"Kalau misalnya ada baca shalawat itu menunjukkan bahwa seorang laki-laki untuk meminang perempuan dia harus pintar dalam hal agama, artinya ukuran agama harus kuat," ucap Siswantari kepada Okezone.
"Kemudian silat, seorang laki-laki harus melindungi perempuan. Selain itu ada pantun, pantun itu kan bagian dari diplomasi. Seorang laki-laki Betawi kan harus bisa berdiplomasi baik dengan masyarakatnya," kata dia.
Menurutnya, tradisi palang pintu biasanya dilakukan pada upacara pernikahan.

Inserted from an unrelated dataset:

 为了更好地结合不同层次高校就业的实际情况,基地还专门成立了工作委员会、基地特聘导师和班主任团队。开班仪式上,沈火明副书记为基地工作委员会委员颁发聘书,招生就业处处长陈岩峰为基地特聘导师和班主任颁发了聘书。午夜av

Selain memiliki nilai filosofis tradisi itu juga dilakukan untuk menghubungkan antarkampung, menghubungkan dua keluarga yang tidak kenal jadi saling kenal untuk mempererat hubungan keluarga.

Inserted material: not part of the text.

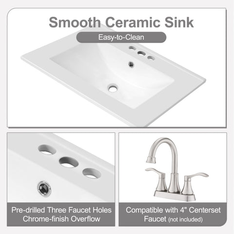 Ceramic Sink——The included ceramic sink is easy to clean and highly resistant to water stains. Pre - drilled with three faucet holes, it’s compatible with 4" widespread faucets (not included). An chrome-finish overflow prevents water spillage, ensuring safe and worry - free use.
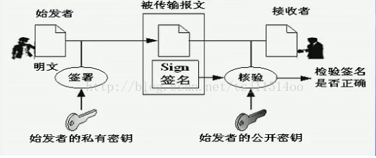 首先,将摘要信息用发送者的私钥加密,与原文一起传送给接收者。

Siswantari mengaku tidak mengetahui persis secara pasti sejak kapan tradisi ini muncul. Namun, berdasarkan pemberitaan di koran pada abad ke-19 tentang orang Betawi tradisi tersebut sudah mulai ada.

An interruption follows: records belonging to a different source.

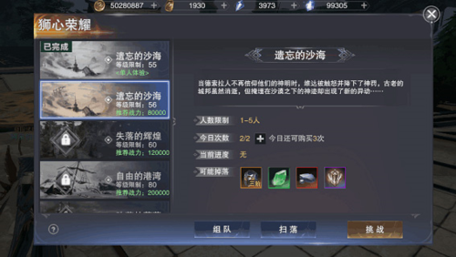 狮心荣耀(55级开启):稳定产出红色装备与强化材料,强烈建议组队挑战;
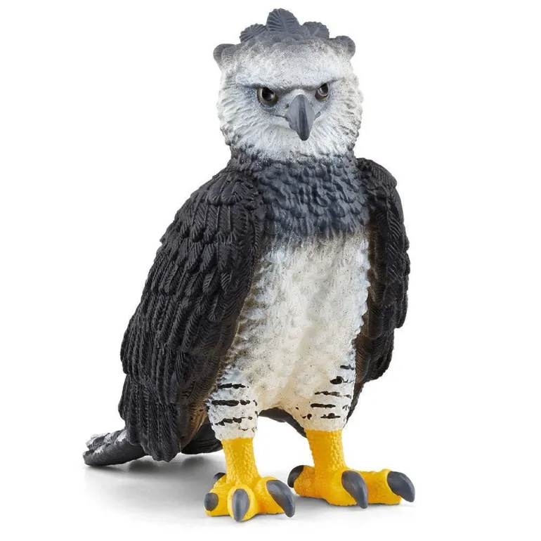 The Schleich Harpy Eagle figurine is an accurate representation of the large, impressive bird of prey. It is sculpted in a standing pose, showcasing its white chest and face, with its black wings resting at its side, and grey features on its neck and head with highly detailed feathers all over. Its eyes are focused, and its feet are bright yellow showcasing its dark taloned claws. This magnificent raptor is the perfect addition to your animal model collection.
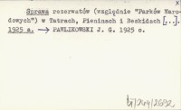 Sprawa rezerwatów (względnie "Parków Narodowych") w Tatrach, Pieninach i Beskidach [...]. 1925 a
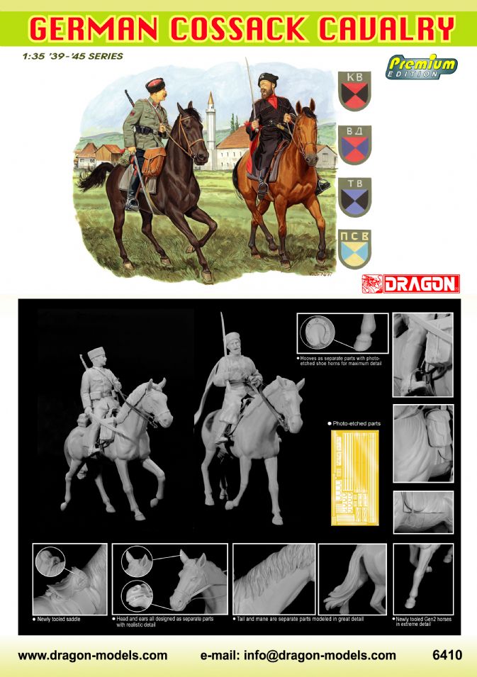 With their breeches, traditional headgear, and shashka (sabers), the two “German” Cossacks have a unique appearance. Of special note is that these cavalrymen have received fresh new mounts to gallop on! The horses are made to Dragon’s stringent Gen2 standards, as is all the relevant horse-riding paraphernalia. This means the horses possess phenomenal detail, and form a valuable equine source for dioramas and vignettes. There is also a fret of photo-etched parts for items such as the reins and stirrups, which offer a maximum amount of detail. There are still an estimated 150,000 Cossacks enrolled in Russian military service today, but Dragon has succeeded in resurrecting some of their WWII forebears. This Premium Edition set makes an up-to-date and ideal pairing of horse and man, a combination restricted only by the modeler’s imagination!

"Jadi gini, saya tak tahu persis kapan palang pintu mulai berkembang di msayarakat Betawi, tapi kalau adu silat itu tradisi betawi tapi kalau formatnya yang saya baca di abad ke-19 itu adu silatnya. Kalau kapan mulainya harus ada penelitian mendalam kapan palang pintu itu ada," tuturnya.